The CoAI JRC offers numerous open data and benchmarking resources. Beyond making data and publications openly accessible, we are looking to develop a framework to provide episodic memory data, joint human-robot data and robot activity data as an open knowledge base using standard data formats to foster reuse by the research community.
The Socio-physical Model of Activities (SOMA) is an ontological model with cognitive bias used to represent the physical and social context of everyday activities. It is currently the most comprehensive ontology for robotics and everyday activities.
openEASE is a web-based knowledge service providing robot and human activity data. It contains semantically annotated data of manipulation actions, including the environment the agent is acting in, the objects it manipulates, the task it performs, and the behavior it generates.
HOBBIT is a distributed benchmarking platform designed for the unified execution of benchmarks for Linked Data solutions. The HOBBIT benchmarking platform is based on the FAIR principles and is the first benchmarking platform able to scale up to benchmarking real-world scenarios for Big Linked Data solutions.
Overview paper: Michael Röder, Dennis Kuchelev, Axel-Cyrille Ngonga Ngomo, “HOBBIT: A platform for benchmarking Big Linked Data,” in Data Science v. 3(1), 2020.
LIMES is a state-of-the-art tool developed by the DICE Data Science Group, which uses dedicated machine learning techniques for link discovery in order to compute links time-efficiently and produce links of high quality to serve applications built upon Linked Data.
Overview paper: Ngonga Ngomo, A.C., Sherif, M.A., Georgala, K. et al. LIMES: A Framework for Link Discovery on the Semantic Web.

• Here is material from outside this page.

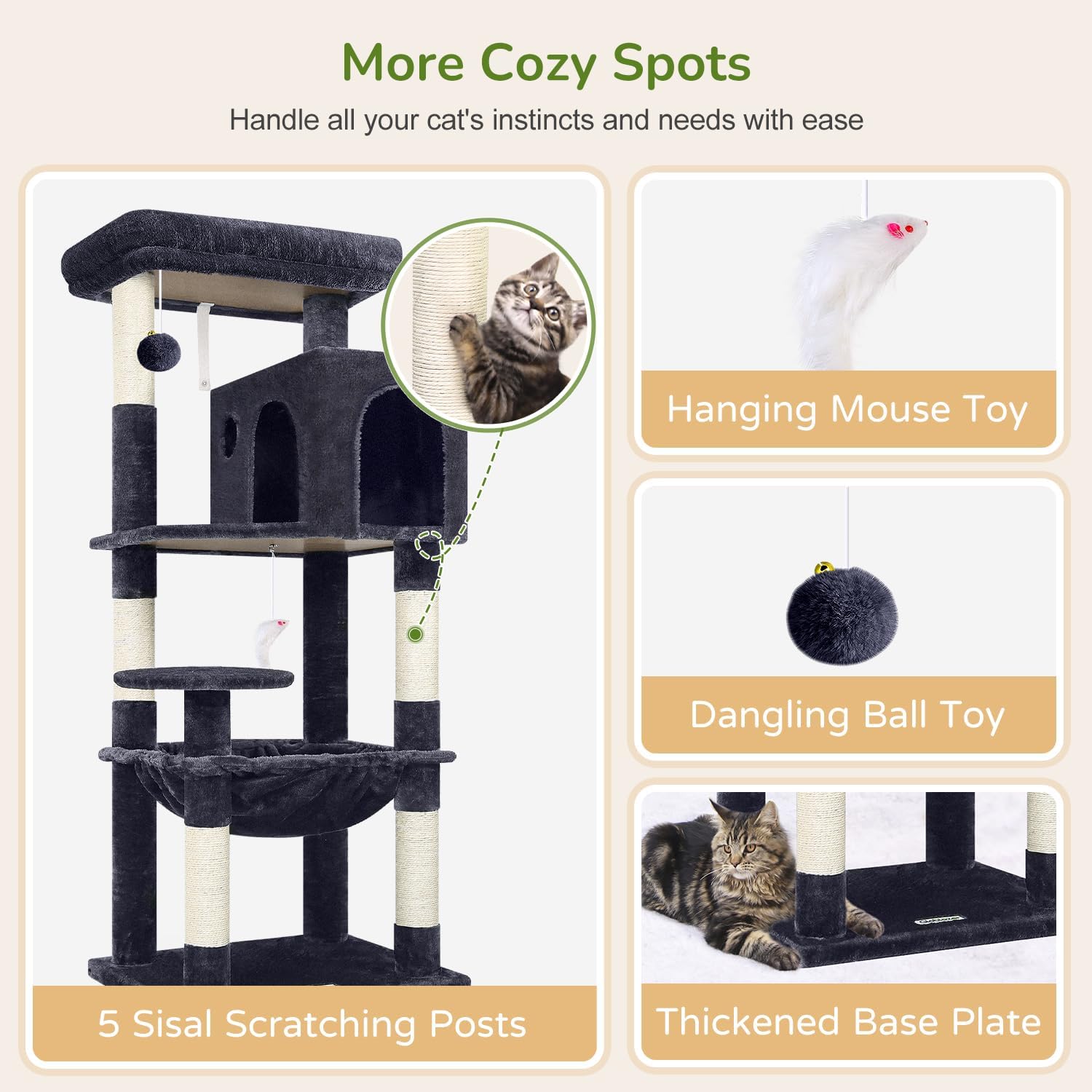 - Cat Scratching Posts and Toys: The cat scratching tree is equipped with 5 natural sisal rope cat scratching post, dangling plush balls and interactive mouse toys to satisfy your cat's scratching instinct and hunting desire. It not only relieves stress and protects your furniture, but also provides ample entertainment and exercise opportunities

Künstliche Intelligenz v. 35, 2021.
GERBIL is an evaluation framework for semantic entity annotation also provided by the DICE Data Science Group. The rationale behind our framework is to provide developers, end users and researchers with easy-to-use interfaces that allow for the agile, fine-grained and uniform evaluation of annotation tools on multiple datasets.
Overview paper: Usbeck R, Röder M, Ngonga Ngomo A-C, Baron C, Both A, Brümmer M, Ceccarelli D, Cornolti M, Cherix D, Eickmann B, Ferragina P, Lemke C, Moro A, Navigli R, Piccinno F, Rizzo G, Sack H, Speck R, Troncy R, Waitelonis J, Wesemann L, “GERBIL: General Entity Annotator Benchmarking Framework,” in Gangemi A, Leonardi S, Panconesi A (eds) Proceedings of the 24th International Conference on World Wide Web, WWW 2015, Florence, Italy, May 18-22, 2015, ACM.